Let's just take sentence one.
"The crisis over Ukraine, which threatens to escalate into a confrontation between the United States and Russia, and the even more perilous potential crisis over Taiwan, stem from conflicting goals and world views among the three leading powers in the world, the US, Russia, and China..." DK
I have long thought that there is a Russia China strategic alliance.
Your remark makes it seem as if their interests, in such matters conflict in matters you mention, say, Ukraine and Taiwan (or Hong Kong, for that matter).
In my judgment, they do not conflict.
I don't get security briefings, just read the news!
All the best
Professor
This one is also the received view: "The United States made its entrance on the world stage in 1917..." DK
My view is that the United States made its entrance on the world stage in 1776, not my favorite debut.
All the best
The fight we lead today is said to be the democracies against the authoritarian states, Russia, China,Iran, and Venezuela. Similar in a way to the way we learned through Pericles funeral oration that Athens was a democracy and they were fighting the forces of Spartan authoritarianism.
Professor
"...In 2008, in its waning months, the Bush II administration offered NATO membership to Ukraine and Georgia, two former Soviet Republics on Russia's borders...." DK
Ukraine is not a "border" area in Russian history, any more than the Crimea, but rather its old heartland.
All the best
The China Russia partnership is beiing forced by the Nato- East Asia - Anglosphere alliance. US defense spending is 12 times Russian spending. One imagines inviting Mexico and Canada into the Warsaw Pact for comparison. Perhaps 10 million people have emigrated from Ukraine. Eastern Europe as a whole has lost population to the West of course. Essentially in Ukraine a 90s style corrupt oligarchy of Yeltsin has remained, whereas in Russia the central government has rolled this back, growing the economy and population. Nato expansion helps patriotism and Putin's reelection campaigns naturally. An exact study of the maidan revolution shows a typical pattern of USA manipulation, financing, directing to the goal of coup. I believe the literature on this type of US activity is large enough to make the pattern indisputable. The Western press supports such activity unisono. Mordor in the East is a great bugaboo, in this case on the Moskva river. I wonder what the armaments industry would do if the Kremlin and Beijing were to sue for peace? Nato membership for all would follow and then alien sightings would abound with calls for a space defense program.
Professor
While I disagree with much of your analogy with Greece and Ukraine, I would rather talk a little more about what I believe, and offer a quite different analogy
Reading Gerhard Weinberg, "The Foreign Policy of Hitler's Germany", it seems obvious that both Putin, and the Ukrainian so called nationalists he opposes, follow, to some extent, the playbook played out in Europe both East and West in the aftermath of WWI.

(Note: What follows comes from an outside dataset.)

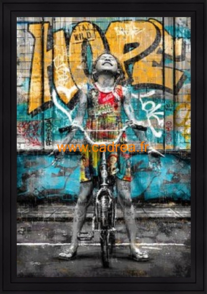 Image encadrée La fille et son velo sous la pluie, Romaric

Weinberg does a great job of chronicling the developments, especially from Hitler's side, from 1933-1939.
Putin has obviously examined this Hitler playbook very closely, or through his staff.
All the best
Professor
Re Energyflow's great chunky,juicy rant....
Here is a rejoinder.
If we had gone in as we should have and dismembered and partitioned the USSR, when we had the chance, opportunity, and motive, we would not be sitting here, almost 4th turning 80 years later, talking about Russia China alliance vs NATO bull.
All the best
Professor
Assuming my remarks are correct, and taking into account Fiona's dumbed down remarks in the NYT today about Ukraine and Japan, we may well see a coordinated South China Sea incident, designed partly to distract world attention from Putin's moves in Eastern Europe.
This is also out of the playbook Weinberg recounted.
All the best
Professor
Tim Sneider, the NYT stooge Staff Editor, writing today, obviously never came smell test close to Weinberg's account, and the run up to Czechoslovakia, and other things, in the 30s.